• [GOAL OF THE EXERCISE]:
Each entry should be printed exactly, with its images omitted.

• [MATERIAL FOR THIS EXERCISE]:
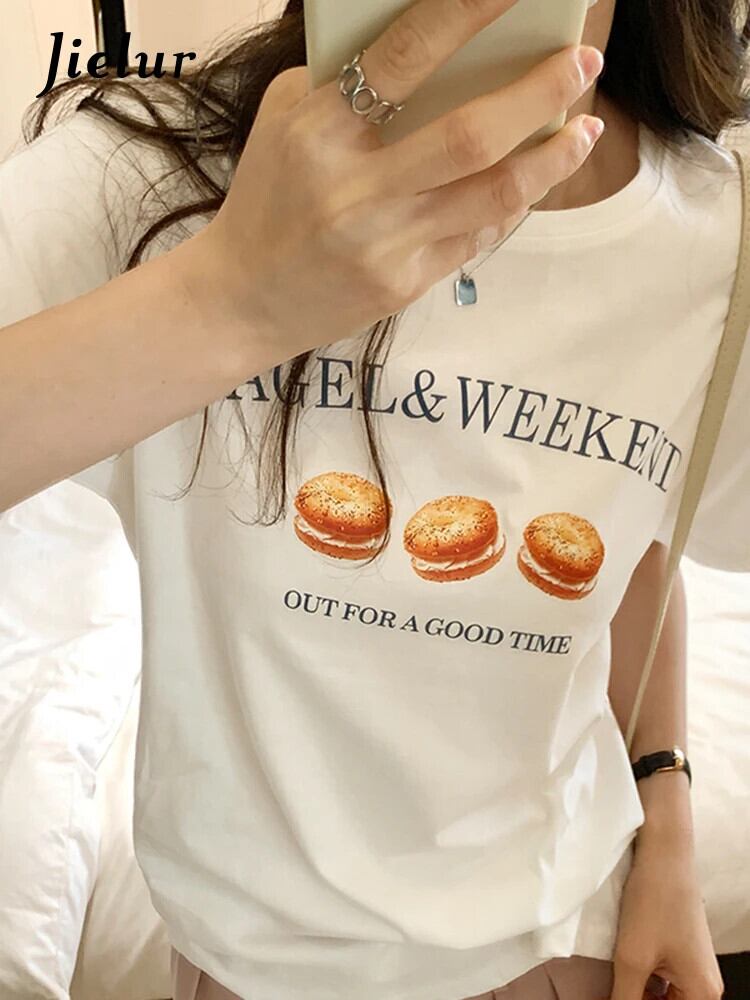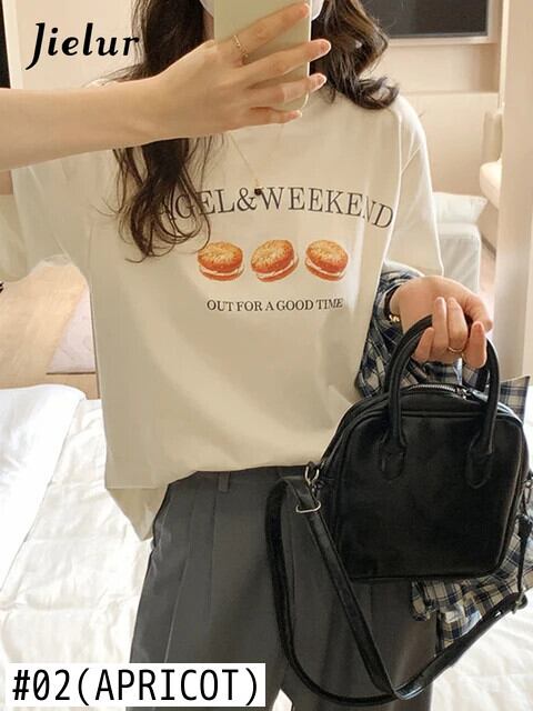 送料無料 Jielur 夏ルース女性の Tシャツスリムシンプルな Tシャツ女性白アプリコットベーシック O ネック S-XL Tシャツ ホワイト サマー 夏物 Oネック AE12188787811415492155
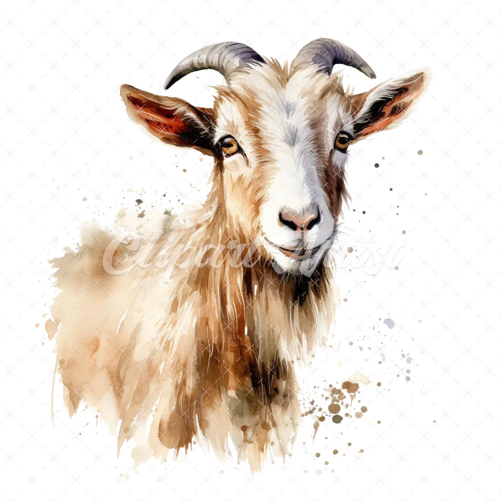 20 High-Quality Kiko Goat Clipart – Kiko goat digital watercolor JPG instant download for commercial use – Digital download
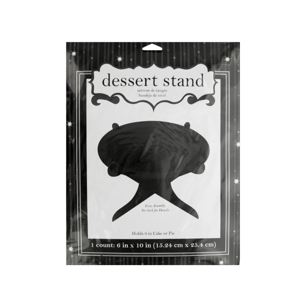 Showcase your sweets with this attractive Black Glitz Dessert Stand featuring a round black stand with a glitter trim. Holds 9" cake or pie. Measures approximately 6" x 10". Easy assembly instructions included. Comes packaged in a poly bag with a header card.
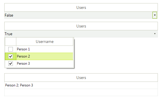 public class PersonChecker : BaseInputEditor{ public override object Value { get { String all = ""; RadMultiColumnComboBoxElement editor = ((RadMultiColumnComboBoxElement)this.EditorElement); foreach (GridViewRowInfo gvri in editor.Rows) { if (Convert.ToBoolean(gvri.Cells[0].Value) == true) { if (all != "") all += "; "; all += Convert.ToString(gvri.Cells[1].Value); } } return all; } set { Console.WriteLine("to do"); } } protected override RadElement CreateEditorElement() { RadMultiColumnComboBoxElement editor = new RadMultiColumnComboBoxElement(); editor.EditorControl.AutoGenerateColumns = false; editor.Columns.Clear(); GridViewCheckBoxColumn check = new GridViewCheckBoxColumn(); check.HeaderText = ""; check.Name = "Check"; check.MinWidth = 40; check.MaxWidth = check.MinWidth; check.ReadOnly = false; editor.Columns.Add(check); GridViewTextBoxColumn username = new GridViewTextBoxColumn(); username.HeaderText = "Username"; username.Name = "Username"; username.MinWidth = 200; editor.Columns.Add(username); editor.Rows.Clear(); editor.Rows.Add(new Object[] { false, "Person 1" }); editor.Rows.Add(new Object[] { false, "Person 2" }); editor.Rows.Add(new Object[] { false, "Person 3" }); //foreach (Person person in FormMain._persons) //{ // editor.Rows.Add( // new Object[] { false, person.SP_Username } // ); //} editor.EditorControl.ShowRowHeaderColumn = false; editor.AutoSizeDropDownToBestFit = true; editor.PopupClosing -= Editor_PopupClosing; editor.PopupClosing += Editor_PopupClosing; editor.EditorControl.CellClick -= EditorControl_CellClick; editor.EditorControl.CellClick += EditorControl_CellClick; return editor; } private void EditorControl_CellClick(object sender, GridViewCellEventArgs e) { if (e.ColumnIndex == 0 && e.RowIndex > -1) { e.Row.Cells[0].Value = !Convert.ToBoolean(e.Row.Cells[0].Value); } } private void Editor_PopupClosing(object sender, RadPopupClosingEventArgs args) { if (args.CloseReason == RadPopupCloseReason.Mouse) { args.Cancel = true; } } public override void BeginEdit() { base.BeginEdit(); this.EditorElement.Focus(); } public override bool EndEdit() { return base.EndEdit(); } public override Type DataType { get { return typeof(string); } }}So basically when user edit cell, another grid (custom editor) will show and user can check few person. After editing value in that cell will be set like Person 1; Person 2; Person 3.
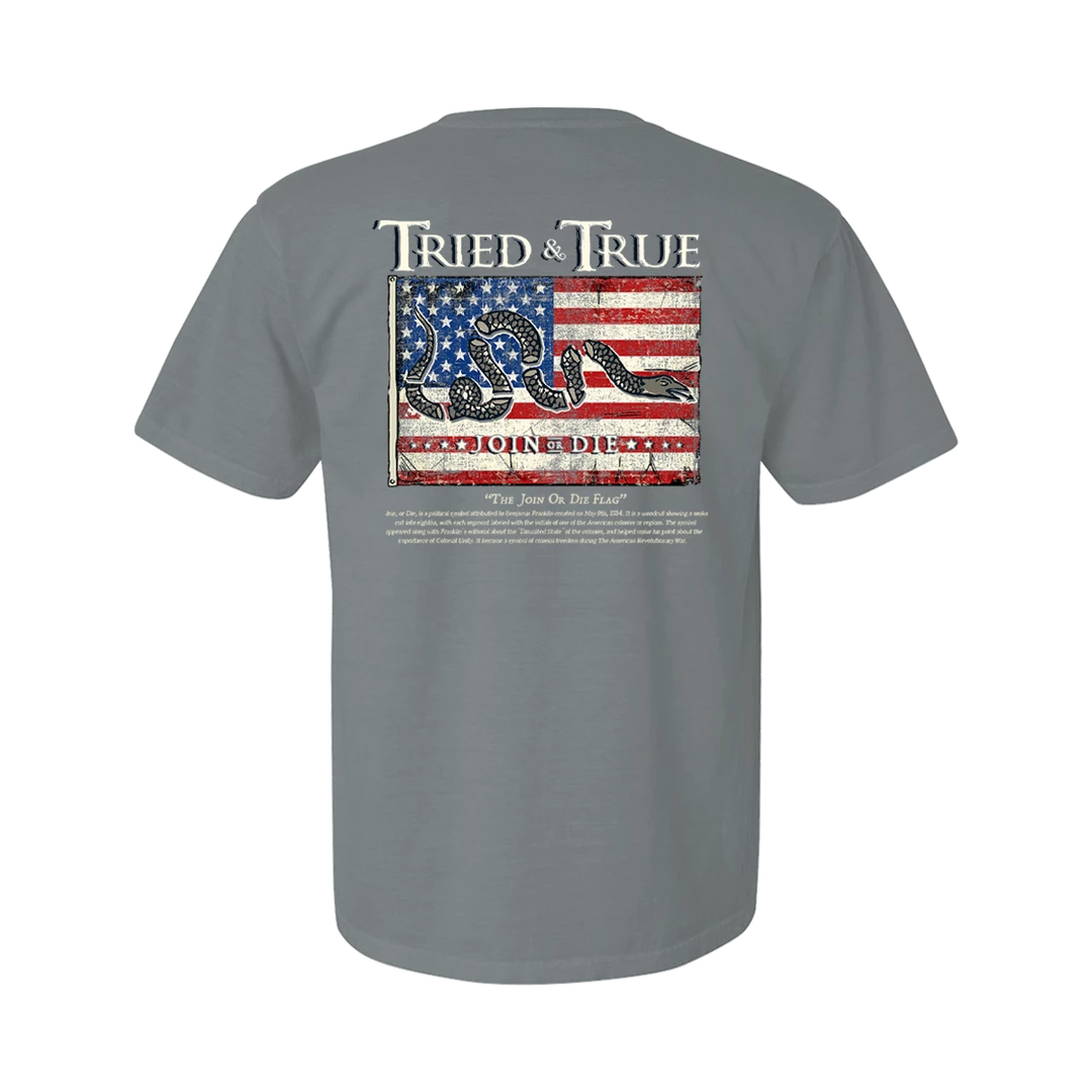 Design: Printed on a Comfort Color Granite colored t-shirt the join or die flag is the American Flag with a Snake Broken into pieces. Underneath is a small historical fact about the flag.
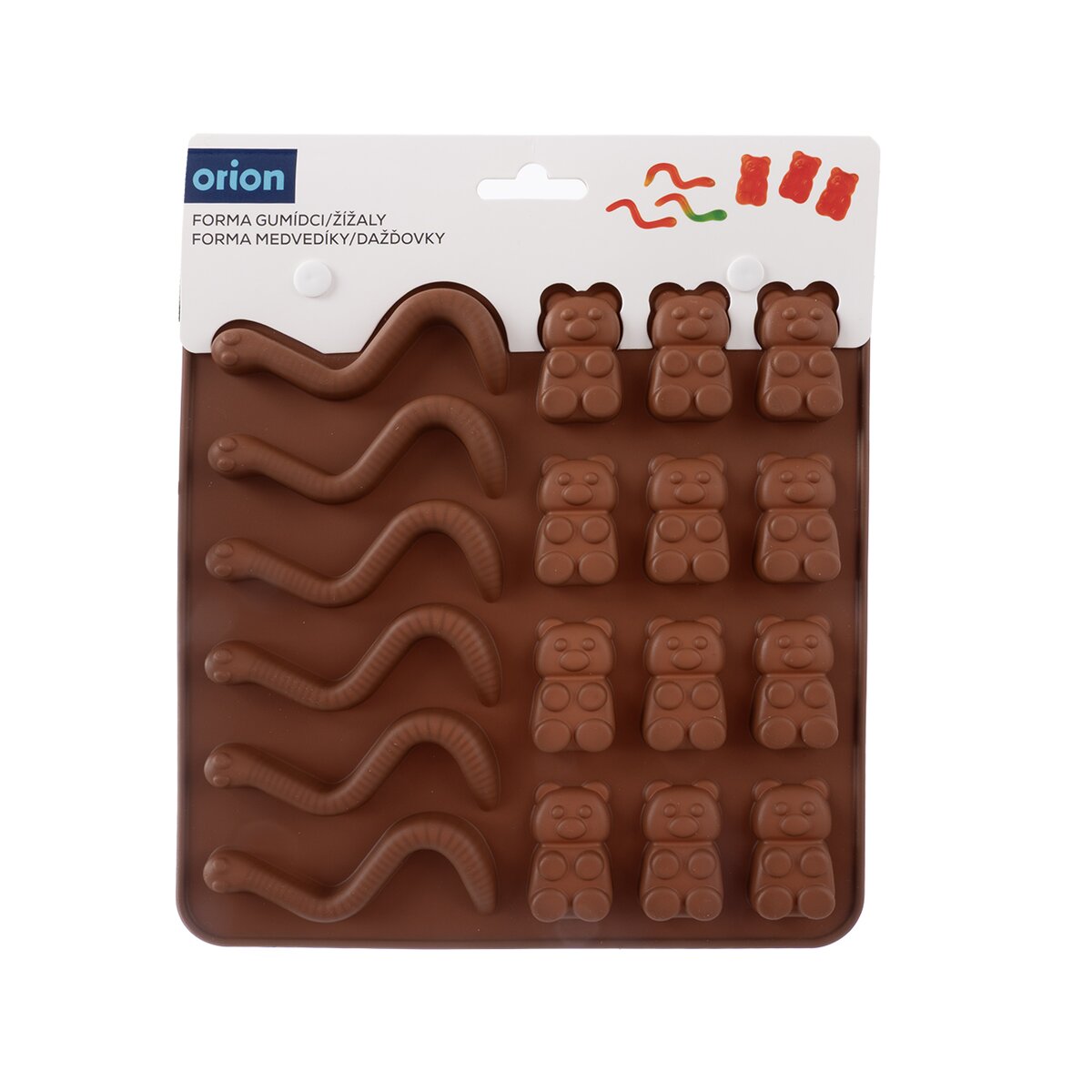 Kód produktu 151738Nepřilnavá hnědá silikonová forma pomůže s domácí výrobou želatinových bonbónů, oblíbených gumových medvídků a žížalek nebo čokoládových pralinek.
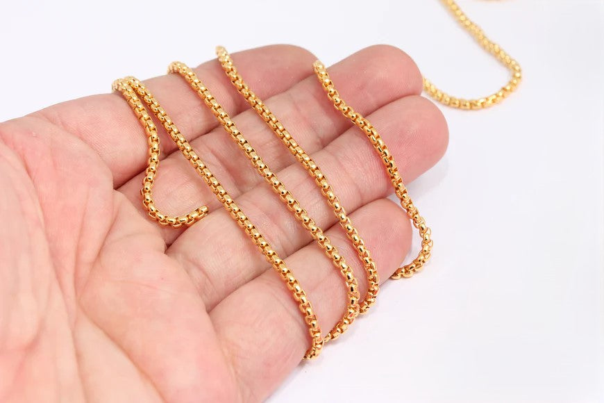 24 Carat Gold Plated Soldered Box Chain. Dimensions: 2.4 mm PRICE FOR 1 METER. 24 carat gold plated on brass. A Quality product resistant to rust and tarnishing. Do not contact with chemicals and perfumes for long-term use. Passed all tests does not contain harmful materials. Colors may vary depending on screen settings and ambient light.
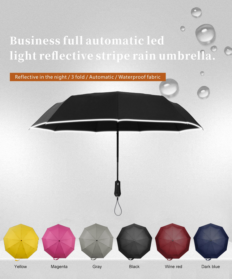 | Name: | automatic open 3 fold waterproof reflective led light rain umbrella |
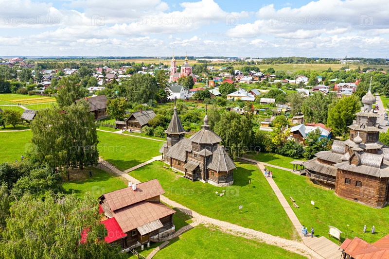 Суздаль, Россия. Церковь Преображения из села Козлятево, перевезенная в Суздаль - памятник деревянной архитектуры середины 18 века. Вид с воздуха
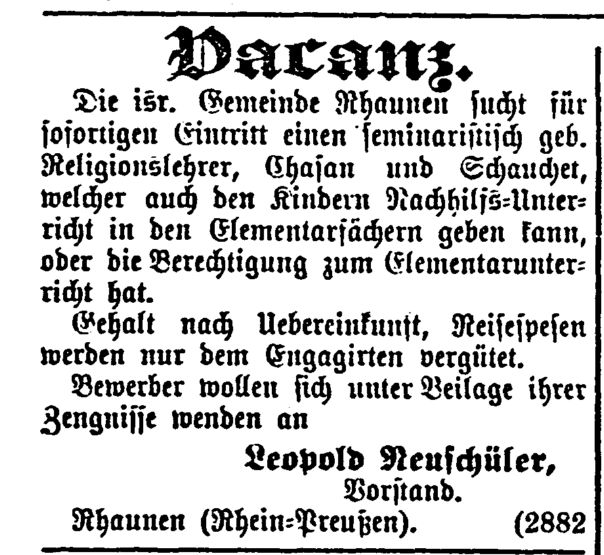 Lehrer Samter, um 1874 J. Nussbaum, um 1878 Lehrer Haas

• [RESULT OF THIS EXERCISE]:
 送料無料 Jielur 夏ルース女性の Tシャツスリムシンプルな Tシャツ女性白アプリコットベーシック O ネック S-XL Tシャツ ホワイト サマー 夏物 Oネック AE12188787811415492155
 20 High-Quality Kiko Goat Clipart – Kiko goat digital watercolor JPG instant download for commercial use – Digital download
 Showcase your sweets with this attractive Black Glitz Dessert Stand featuring a round black stand with a glitter trim. Holds 9" cake or pie. Measures approximately 6" x 10". Easy assembly instructions included. Comes packaged in a poly bag with a header card.
 public class PersonChecker : BaseInputEditor{ public override object Value { get { String all = ""; RadMultiColumnComboBoxElement editor = ((RadMultiColumnComboBoxElement)this.EditorElement); foreach (GridViewRowInfo gvri in editor.Rows) { if (Convert.ToBoolean(gvri.Cells[0].Value) == true) { if (all != "") all += "; "; all += Convert.ToString(gvri.Cells[1].Value); } } return all; } set { Console.WriteLine("to do"); } } protected override RadElement CreateEditorElement() { RadMultiColumnComboBoxElement editor = new RadMultiColumnComboBoxElement(); editor.EditorControl.AutoGenerateColumns = false; editor.Columns.Clear(); GridViewCheckBoxColumn check = new GridViewCheckBoxColumn(); check.HeaderText = ""; check.Name = "Check"; check.MinWidth = 40; check.MaxWidth = check.MinWidth; check.ReadOnly = false; editor.Columns.Add(check); GridViewTextBoxColumn username = new GridViewTextBoxColumn(); username.HeaderText = "Username"; username.Name = "Username"; username.MinWidth = 200; editor.Columns.Add(username); editor.Rows.Clear(); editor.Rows.Add(new Object[] { false, "Person 1" }); editor.Rows.Add(new Object[] { false, "Person 2" }); editor.Rows.Add(new Object[] { false, "Person 3" }); //foreach (Person person in FormMain._persons) //{ // editor.Rows.Add( // new Object[] { false, person.SP_Username } // ); //} editor.EditorControl.ShowRowHeaderColumn = false; editor.AutoSizeDropDownToBestFit = true; editor.PopupClosing -= Editor_PopupClosing; editor.PopupClosing += Editor_PopupClosing; editor.EditorControl.CellClick -= EditorControl_CellClick; editor.EditorControl.CellClick += EditorControl_CellClick; return editor; } private void EditorControl_CellClick(object sender, GridViewCellEventArgs e) { if (e.ColumnIndex == 0 && e.RowIndex > -1) { e.Row.Cells[0].Value = !Convert.ToBoolean(e.Row.Cells[0].Value); } } private void Editor_PopupClosing(object sender, RadPopupClosingEventArgs args) { if (args.CloseReason == RadPopupCloseReason.Mouse) { args.Cancel = true; } } public override void BeginEdit() { base.BeginEdit(); this.EditorElement.Focus(); } public override bool EndEdit() { return base.EndEdit(); } public override Type DataType { get { return typeof(string); } }}So basically when user edit cell, another grid (custom editor) will show and user can check few person. After editing value in that cell will be set like Person 1; Person 2; Person 3.
 Design: Printed on a Comfort Color Granite colored t-shirt the join or die flag is the American Flag with a Snake Broken into pieces. Underneath is a small historical fact about the flag.
 Kód produktu 151738Nepřilnavá hnědá silikonová forma pomůže s domácí výrobou želatinových bonbónů, oblíbených gumových medvídků a žížalek nebo čokoládových pralinek.
 24 Carat Gold Plated Soldered Box Chain. Dimensions: 2.4 mm PRICE FOR 1 METER. 24 carat gold plated on brass. A Quality product resistant to rust and tarnishing. Do not contact with chemicals and perfumes for long-term use. Passed all tests does not contain harmful materials. Colors may vary depending on screen settings and ambient light.
 | Name: | automatic open 3 fold waterproof reflective led light rain umbrella |
 Суздаль, Россия. Церковь Преображения из села Козлятево, перевезенная в Суздаль - памятник деревянной архитектуры середины 18 века. Вид с воздуха
 Lehrer Samter, um 1874 J. Nussbaum, um 1878 Lehrer Haas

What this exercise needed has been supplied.